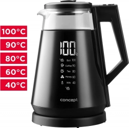 Czajnik umożliwia regulację temperatury w czterech krokach (40°C, 60°C, 80°C, 100°C). Dzięki czytelnemu cyfrowemu wyświetlaczowi masz pełny wgląd w ustawiony program i aktualną temperaturę wody. Funkcja KEEP WARM utrzymuje wybraną temperaturę nawet do 4 godzin.
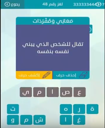 جواب سؤال تقال للشخص الذى يبنى نفسه بنفسه لغز رقم 48 من لعبة وصلة فى المجموعة السادسة صقور الإبدآع
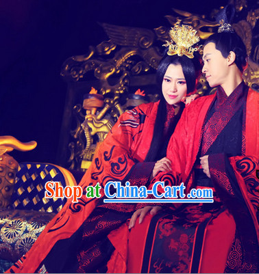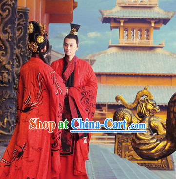 The brides are wearing traditional Chinese wedding dresses, which are red and black in color.
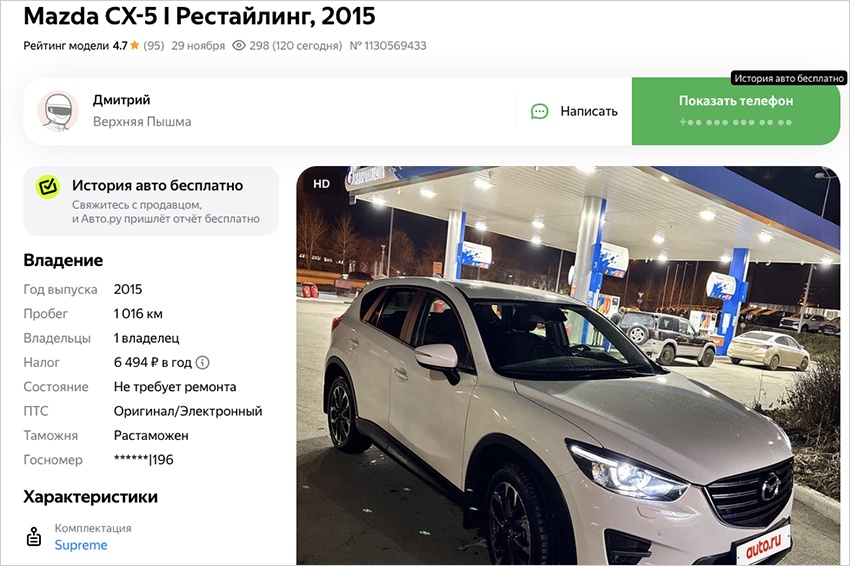 В России на продажу выставили Mazda CX-5 2015 года после 10 лет хранения
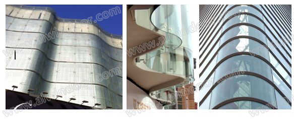 2.2.1、單曲面弧形面板的特點:適用范圍廣,面板曲面弧形成型較容易;對幕墻的支承結構體系一般沒有特殊的要求。常用的面板材料有玻璃、金屬板、GRC板、石材和各種人造板材。適用于各種弧形幕墻及單曲面的藝術造型;同時也適用于曲面度變化不大的雙曲面異形幕墻;對于選用玻璃材料的單曲弧形面板可以實現鋼化加工來提高面板的強度提高安全性。

━━━━━━━━━━━━━━━━

- Directions for this task
Reproduce the records verbatim, omitting all images they contain.

- Reply to the task
 Czajnik umożliwia regulację temperatury w czterech krokach (40°C, 60°C, 80°C, 100°C). Dzięki czytelnemu cyfrowemu wyświetlaczowi masz pełny wgląd w ustawiony program i aktualną temperaturę wody. Funkcja KEEP WARM utrzymuje wybraną temperaturę nawet do 4 godzin.
 جواب سؤال تقال للشخص الذى يبنى نفسه بنفسه لغز رقم 48 من لعبة وصلة فى المجموعة السادسة صقور الإبدآع
 The brides are wearing traditional Chinese wedding dresses, which are red and black in color.
 В России на продажу выставили Mazda CX-5 2015 года после 10 лет хранения
 2.2.1、單曲面弧形面板的特點:適用范圍廣,面板曲面弧形成型較容易;對幕墻的支承結構體系一般沒有特殊的要求。常用的面板材料有玻璃、金屬板、GRC板、石材和各種人造板材。適用于各種弧形幕墻及單曲面的藝術造型;同時也適用于曲面度變化不大的雙曲面異形幕墻;對于選用玻璃材料的單曲弧形面板可以實現鋼化加工來提高面板的強度提高安全性。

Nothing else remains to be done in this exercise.